Discovery Institute Lies about the Cobb County Disclaimer

With the appeal of the Cobb County disclaimer sticker being heard on Thursday, the Discovery Institute is trying to spin the case. Their spin contains obvious lies.

“Contrary to claims from the ACLU, the district court judge actually ruled that the sticker fulfilled a legitimate secular purpose,” said Dr. John West, Associate Director of the Center for Science and Culture at Discovery Institute.

I’m not going to beat around the bush. West is lying. As I documented earlier in the year, Judge Cooper in no way found that the sticker fulfilled a secular purpose. Judge Cooper ruled that the board had legitimate secular purposes, but he also ruled that the sticker did not fulfill those purposes, e.g.

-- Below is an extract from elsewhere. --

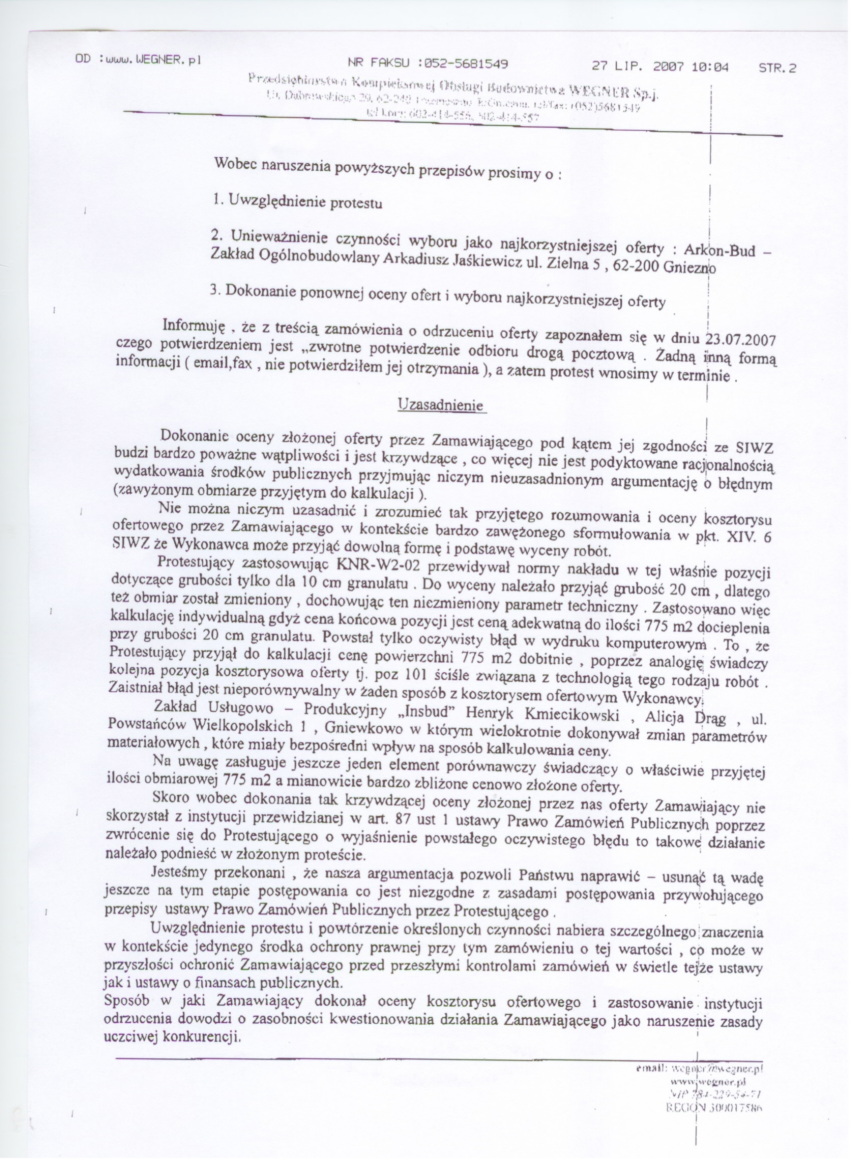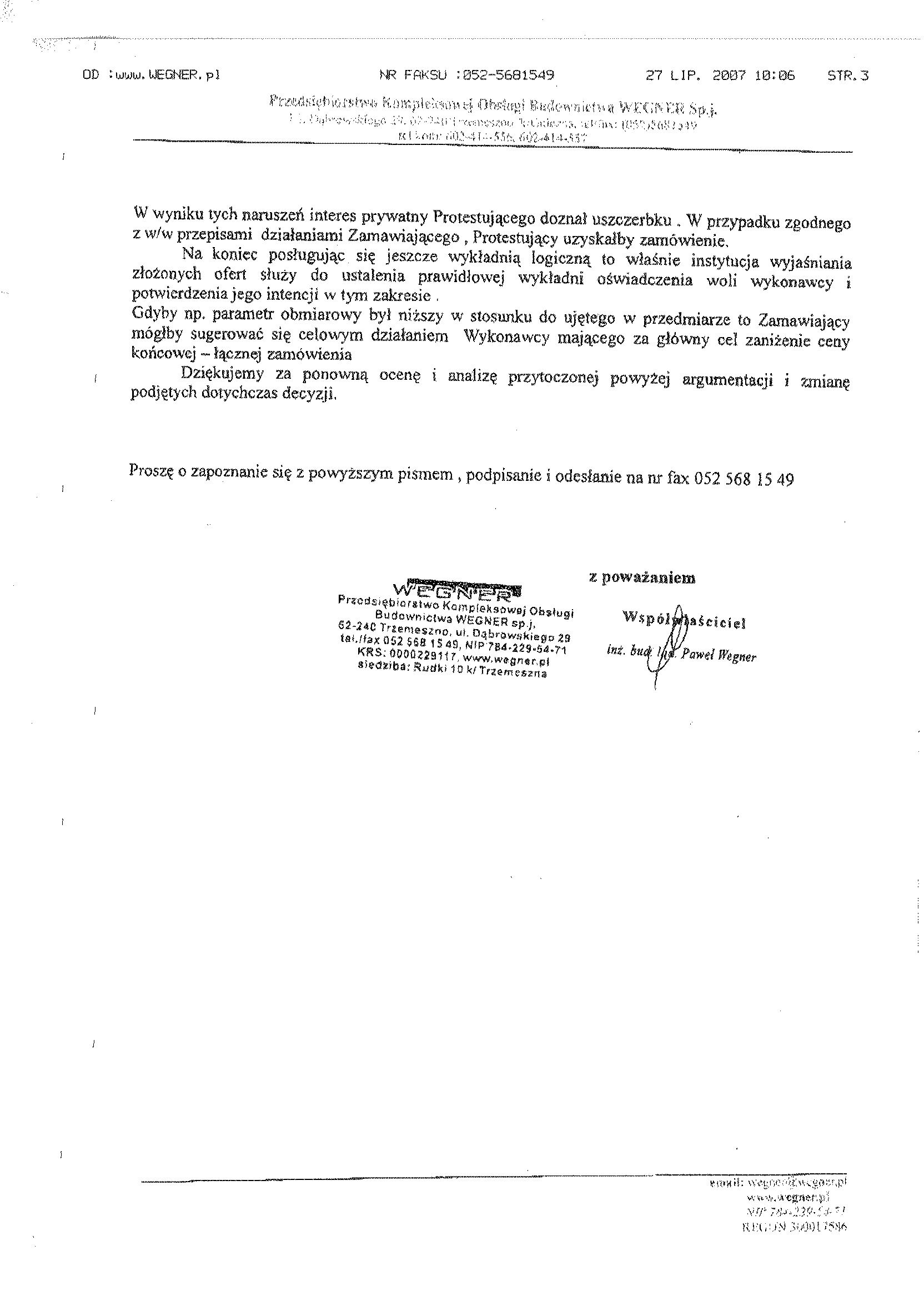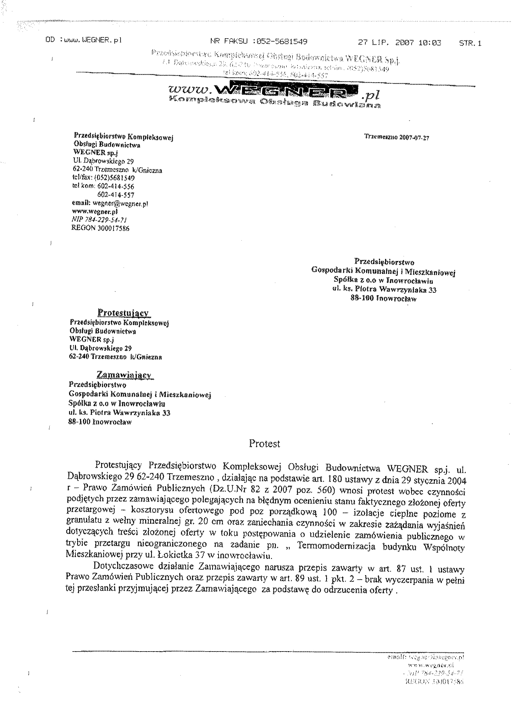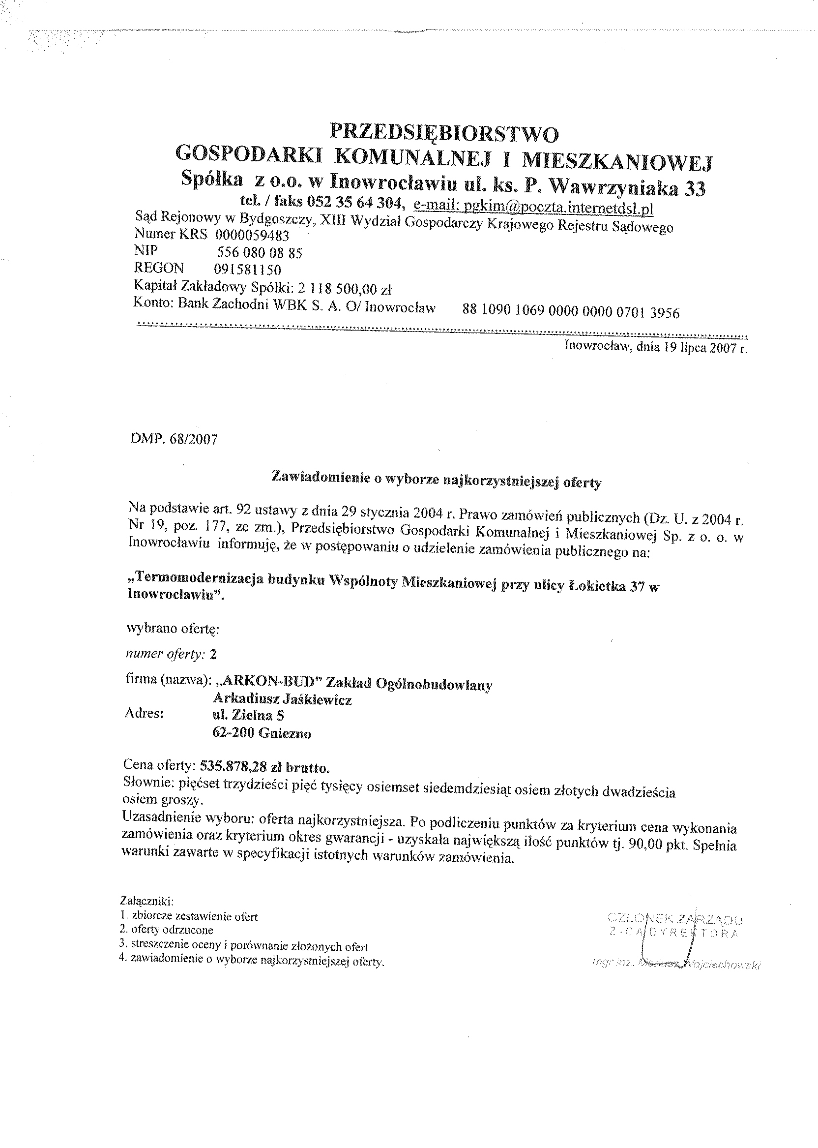 15. W celu potwierdzenia, 偶e Wykonawca posiada uprawnienie do wykonywania okre艣lonej dzia艂alno艣ci lub czynno艣ci oraz nie podlega wykluczeniu na podstawie art. 24 ustawy z dnia 29 stycznia 2004 r. - Prawo zam贸wie艅 publicznych, zamawiaj膮cy 偶膮da, nast臋puj膮cych dokument贸w: a) aktualnego odpisu z w艂a艣ciwego rejestru albo aktualnego za艣wiadczenia o wpisie do ewidencji dzia艂alno艣ci gospodarczej, je偶eli odr臋bne przepisy wymagaj膮 wpisu do rejestru lub zg艂oszenia do ewidencji dzia艂alno艣ci gospodarczej, wystawionego nie wcze艣niej ni偶 6 miesi臋cy przed up艂ywem terminu sk艂adania ofert; b) o艣wiadczenie wykonawcy, 偶e nie posiada zaleg艂o艣ci podatkowej wobec Naczelnika Urz臋du Skarbowego, c) o艣wiadczenie wykonawcy, 偶e nie posiada zaleg艂o艣ci wobec Zak艂adu Ubezpiecze艅 Spo艂ecznych w op艂acaniu sk艂adek na ubezpieczenie spo艂eczne, zdrowotne oraz Fundusz Pracy. 15.1.W celu potwierdzenia posiadania przez wykonawc臋 niezb臋dnej wiedzy i do艣wiadczenia oraz os贸b zdolnych do wykonania zam贸wienia, zamawiaj膮cy 偶膮da nast臋puj膮cych dokument贸w: a) wykazu wykonanych rob贸t budowlanych w okresie ostatnich 5 lat przed dniem wszcz臋cia post臋powania o udzielenie zam贸wienia, a je偶eli okres prowadzenia dzia艂alno艣ci jest kr贸tszy – w tym okresie, odpowiadaj膮cych swoim rodzajem i warto艣ci膮 robotom budowlanym stanowi膮cym聽 przedmiot zam贸wienia, z podaniem ich warto艣ci oraz daty i miejsca wykonania oraz za艂膮czeniem dokument贸w potwierdzaj膮cych, 偶e roboty te zosta艂y wykonane nale偶ycie, b) zamawiaj膮cy 偶膮da za艂膮czenia kserokopii uprawnie艅 budowlanych w specjalno艣ciach obj臋tych przedmiotem zam贸wienia, c) aktualnego wpisu do w艂a艣ciwych Izb Zawodowych. 15.2. W celu potwierdzenia, 偶e wykonawca znajduje si臋 w sytuacji ekonomicznej i finansowej zapewniaj膮cej wykonanie zam贸wienia zamawiaj膮cy 偶膮da nast臋puj膮cych dokument贸w: a) polisy, a w przypadku jej braku innego dokumentu potwierdzaj膮cego, 偶e wykonawca jest ubezpieczony od odpowiedzialno艣ci cywilnej w zakresie prowadzonej dzia艂alno艣ci. 15.3.Wype艂nione nast臋puj膮ce za艂膮czniki: a) formularz ofertowy wykonawcy (za艂. nr 1 do swiz). b) wykaz podobnych rob贸t (za艂. nr 2 do siwz), c) o艣wiadczenie w trybie art. 24 ustawy Pzp (za艂. nr 3 do siwz), d) o艣wiadczenie w trybie art.22 ust.1 pkt.1-4聽 ustawy聽 Pzp (za艂. nr 4 do siwz). 15.4.Kosztorys ofertowy, kt贸ry musi by膰 integraln膮 cz臋艣ci膮 z艂o偶onej oferty. Podstaw膮 do opracowania przez Wykonawc臋聽 kosztorysu ofertowego jest聽 przedmiar rob贸t, b臋d膮cy za艂膮cznikiem do siwz. Wykonawca mo偶e przyj膮膰 dowoln膮 form臋 i podstaw臋 wyceny rob贸t. 16. Miejsce i termin sk艂adania ofert: oferty nale偶y z艂o偶y膰 w sekretariacie Przedsi臋biorstwa Gospodarki Komunalnej i Mieszkaniowej Sp. z o.o., ul. ks. Piotra Wawrzyniaka 33, 88-100 Inowroc艂aw,聽 do dnia 17 lipca 2007 r. godzina 9.30. 聽

the Sticker appears to have the purpose of furthering critical thinking because it tells students to approach the material on evolution with an open mind, to study it carefully, and to give it critical consideration. The other language on the Sticker, which states that evolution is a theory and not a fact, somewhat undermines the goal of critical thinking by predetermining that students should think of evolution as a theory when many in the scientific community would argue that evolution is factual in some respects.

Selman v Cobb p24

the Sticker also has the effect of undermining evolution education to the benefit of those Cobb County citizens who would prefer that students maintain their religious beliefs regarding the origin of life.

Selman v Cobb p38

See “For every setback, spin spin spin.” for more information.

Of course Casey Luskin can’t help but raise the polemics:

The decision is dangerous to democracy and has chilling implications for the free speech rights of scientists, educators, and citizens who are skeptical of Darwin’s theory. It needs to be overturned.

No one’s free speech is at stake here. The Cobb County School District and the Cobb County School Board are being sued in the case. Since both are entities of the government, neither have free speech rights. Private citizens do have free speech rights, and the only private citizens in this case are Jeff Selman and the other plaintiffs. Only in tin-foil-hat-land would the question of Selman v. CCSD affect the free speech of anti-evolutionists.